**Exercise brief**. Each record below must be reproduced exactly as it reads, with its images omitted.
Top of Available data
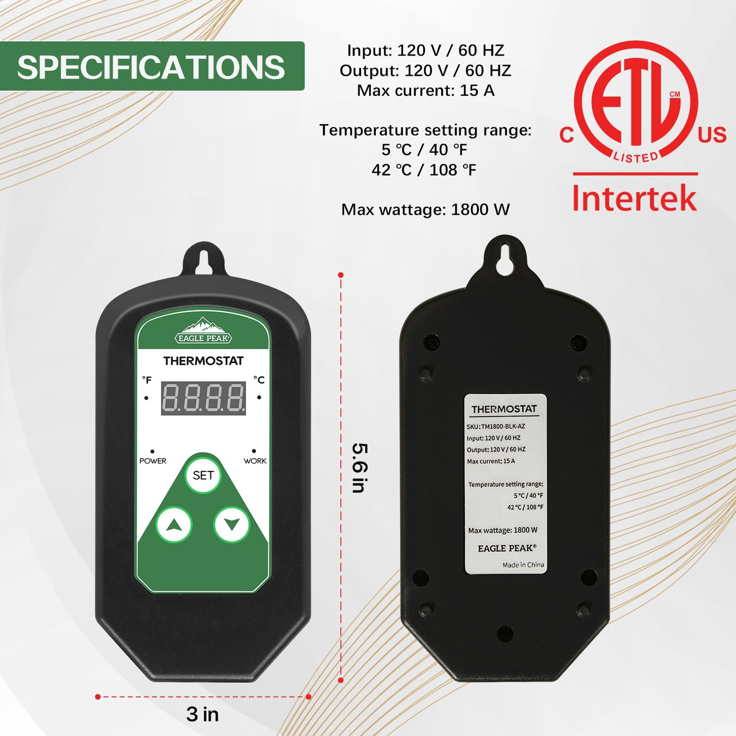 - TEMPERATURE RANGE: This EAGLE PEAK digital thermostat controller can control the temperature ranging from 42°F to 108°F (5℃ to 40℃).
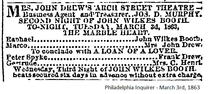 Rose and Asia saw this performance of their brother, John Wilkes.
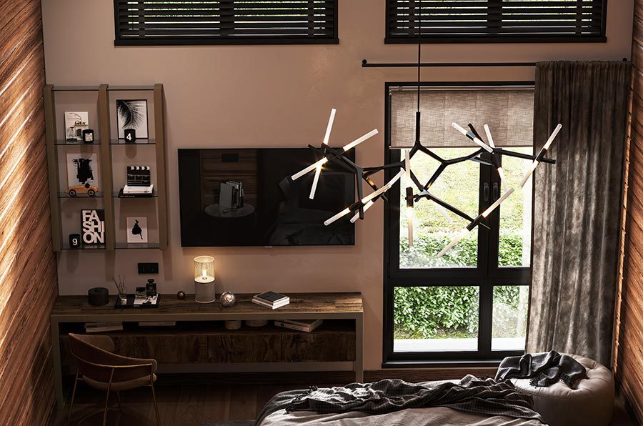 Отделка спальни в тёплых древесных тонах настраивает на спокойный сон. Главная спальня объединена с тремя другими комнатами дома в единый блок — с общей ванной в холле.
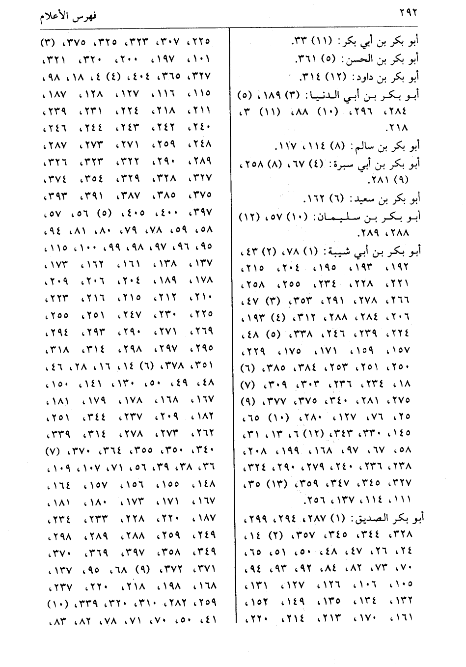 أبو بكر بن أبي شيبة: (1) 78، (2) 43، 192، 193، 195، 204، 215، 221، 228، 234، 255، 258، 266، 278، 291، 353، (3) 47، 206، 284، 288، 312، (4) 193، 224، 239، 246، 338، (5) 48،
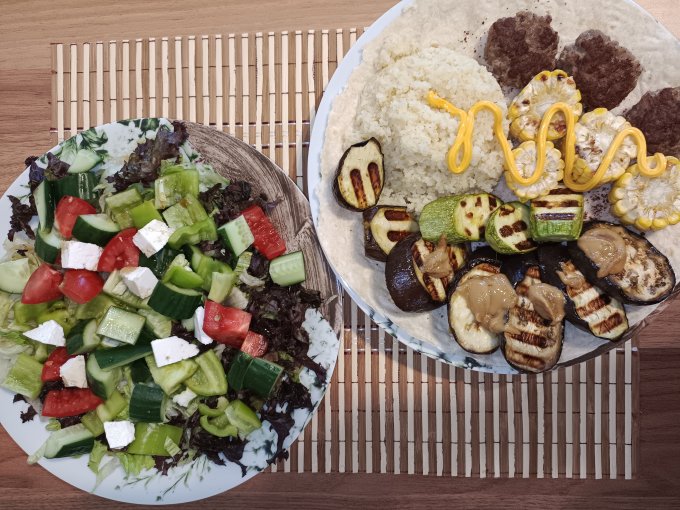 Ужин: кёфте; лаваш; булгур; овощи на
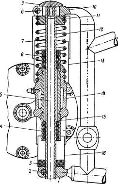 Рис. 124. Подвеска заднего колеса мотоцикла М-72: 1 — нижний наконечник задней вилки; 2 — стяжной болт нижнего наконечника; 3—резиновый буфер; 4— нижняя направляющая втулка; 5 — стержень подвески; б — верхняя направляющая втулка; 7 — верхний защитный кожух; 8 — стяжной болт верхнего наконечника; 9 — алюминиевая заглушка; 10 — верхний наконечник задней вилки; 11—наконечник пружины; 12 — пружина задней подвески; 13 — средний защитный кожух; 14 — кронштейн подвески; 15 — усилительная стальная втулка кронштейна подвески; 16 — нижний защитный кожух.
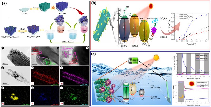 (1)TiO2纳米管阵列薄膜的制备及光电应用。TiO2纳米管阵列的合成、改性和光电性能测试,阐述了纳米粒子组成、形貌和微观结构等对半导体异质界面能带匹配与弯曲、光电子在界面迁移、载流子利用效率方面的微观作用机制。
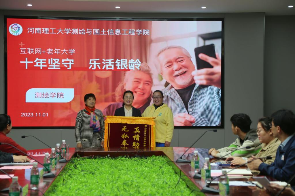 11月1日,解放区老年大学为测绘学院赠送一面绣着“真情助学弘美德,无私奉献映丹青”的锦旗,以感谢测绘学院青年志愿者在过去十年里对“乐活银龄,夕阳无忧”志愿服务项目所做的贡献。解放区老年大学校长张巧红为测绘学院授旗,测绘学院党委书记张红霞、副书记郭学鹏参加仪式并代表学院接旗。参加仪式的还有老年大学学员代表及测绘学院志愿者代表。
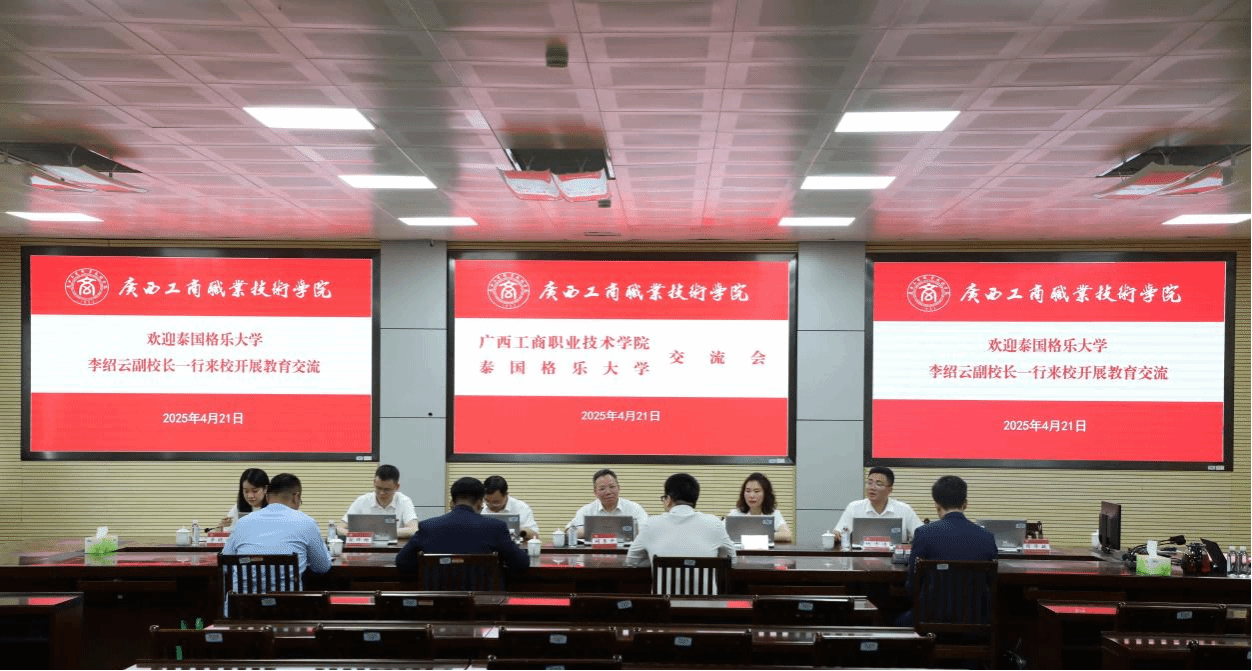 4月21日,泰國格樂大學到我校開展國際合作交流。學校副校長闕勇平,泰國格樂大學副校長李紹云出席會議。學校教務科研處(國際交流合作處)、糧油與管理學院、人工智能學院主要負責人,泰國格樂大學航空航天國際學院、國際交流處、廣西國際事務中心相關人員參加會議。
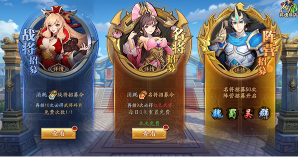武将可通过招募、商店、副本、活动等多种途径获得。其中招募系统分四大类型:
Bottom of Available data
**Response box**.
 - TEMPERATURE RANGE: This EAGLE PEAK digital thermostat controller can control the temperature ranging from 42°F to 108°F (5℃ to 40℃).
 Rose and Asia saw this performance of their brother, John Wilkes.
 Отделка спальни в тёплых древесных тонах настраивает на спокойный сон. Главная спальня объединена с тремя другими комнатами дома в единый блок — с общей ванной в холле.
 أبو بكر بن أبي شيبة: (1) 78، (2) 43، 192، 193، 195، 204، 215، 221، 228، 234، 255، 258، 266، 278، 291، 353، (3) 47، 206، 284، 288، 312، (4) 193، 224، 239، 246، 338، (5) 48،
 Ужин: кёфте; лаваш; булгур; овощи на
 Рис. 124. Подвеска заднего колеса мотоцикла М-72: 1 — нижний наконечник задней вилки; 2 — стяжной болт нижнего наконечника; 3—резиновый буфер; 4— нижняя направляющая втулка; 5 — стержень подвески; б — верхняя направляющая втулка; 7 — верхний защитный кожух; 8 — стяжной болт верхнего наконечника; 9 — алюминиевая заглушка; 10 — верхний наконечник задней вилки; 11—наконечник пружины; 12 — пружина задней подвески; 13 — средний защитный кожух; 14 — кронштейн подвески; 15 — усилительная стальная втулка кронштейна подвески; 16 — нижний защитный кожух.
 (1)TiO2纳米管阵列薄膜的制备及光电应用。TiO2纳米管阵列的合成、改性和光电性能测试,阐述了纳米粒子组成、形貌和微观结构等对半导体异质界面能带匹配与弯曲、光电子在界面迁移、载流子利用效率方面的微观作用机制。
 11月1日,解放区老年大学为测绘学院赠送一面绣着“真情助学弘美德,无私奉献映丹青”的锦旗,以感谢测绘学院青年志愿者在过去十年里对“乐活银龄,夕阳无忧”志愿服务项目所做的贡献。解放区老年大学校长张巧红为测绘学院授旗,测绘学院党委书记张红霞、副书记郭学鹏参加仪式并代表学院接旗。参加仪式的还有老年大学学员代表及测绘学院志愿者代表。
 4月21日,泰國格樂大學到我校開展國際合作交流。學校副校長闕勇平,泰國格樂大學副校長李紹云出席會議。學校教務科研處(國際交流合作處)、糧油與管理學院、人工智能學院主要負責人,泰國格樂大學航空航天國際學院、國際交流處、廣西國際事務中心相關人員參加會議。
武将可通过招募、商店、副本、活动等多种途径获得。其中招募系统分四大类型:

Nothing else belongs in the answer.